PROBLEM –
Without including the pictures, copy out every line below.

DATASET EXCERPT –
*** Begin section ***

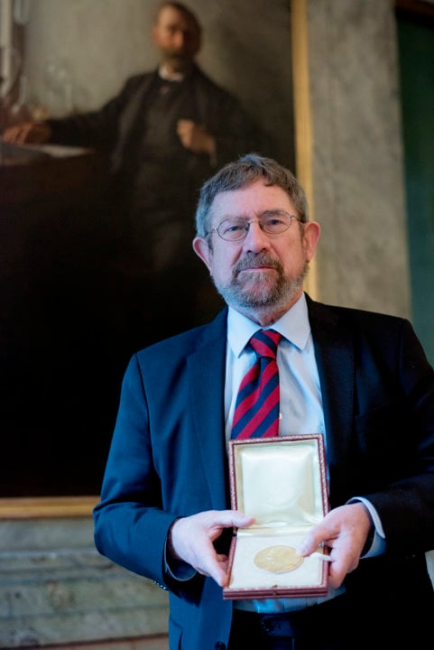 J. Michael Kosterlitz showing his Nobel Medal.
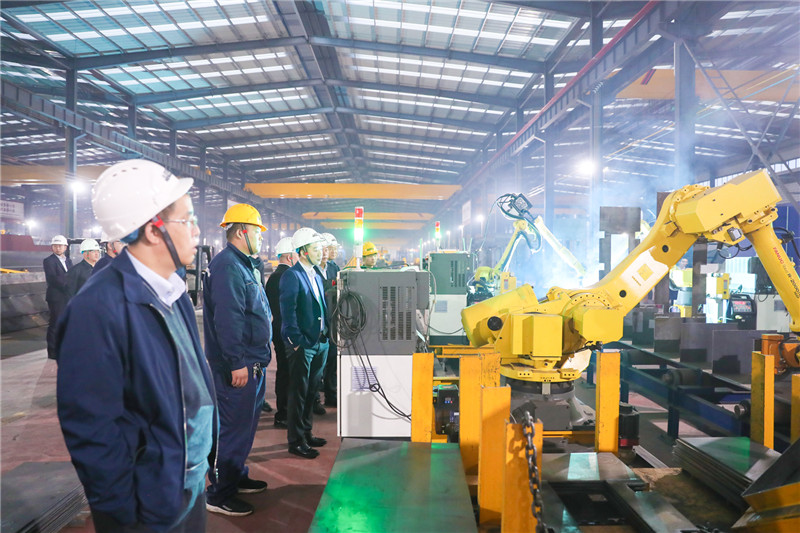 ▲韓珍堂一行考察公司智能產(chǎn)業(yè)園雙梁主梁智能制造生產(chǎn)線
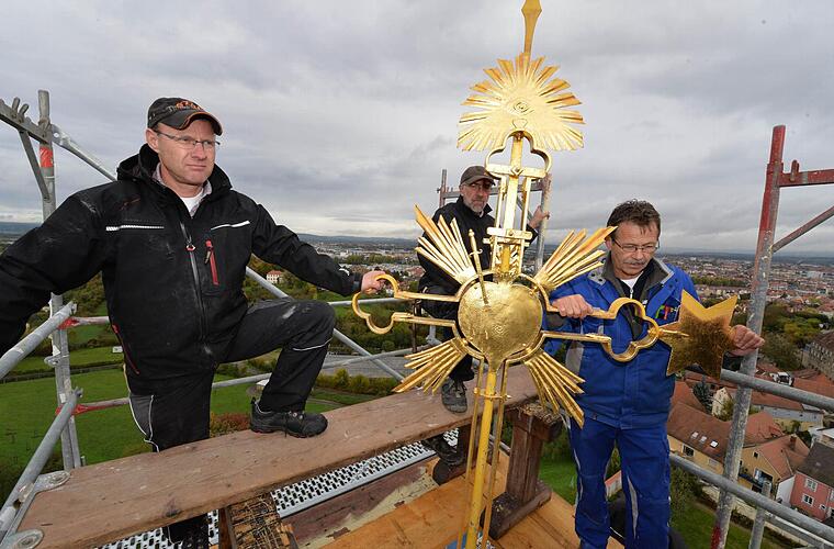 "Das Kreuz ist aus Eisen, seine Oberfläche wurde vergoldet. Es wiegt etwa 120 Kilo", erklärt Tröppner. Die Kugel bestehe aus Kupfer und sei ebenfalls vergoldet. Mit ihren 35 bis 40 Kilogramm Gewicht kann sie gut von zwei Männern getragen werden.

*** End section ***

ANSWER TO THIS TASK –
 J. Michael Kosterlitz showing his Nobel Medal.
 ▲韓珍堂一行考察公司智能產(chǎn)業(yè)園雙梁主梁智能制造生產(chǎn)線
 "Das Kreuz ist aus Eisen, seine Oberfläche wurde vergoldet. Es wiegt etwa 120 Kilo", erklärt Tröppner. Die Kugel bestehe aus Kupfer und sei ebenfalls vergoldet. Mit ihren 35 bis 40 Kilogramm Gewicht kann sie gut von zwei Männern getragen werden.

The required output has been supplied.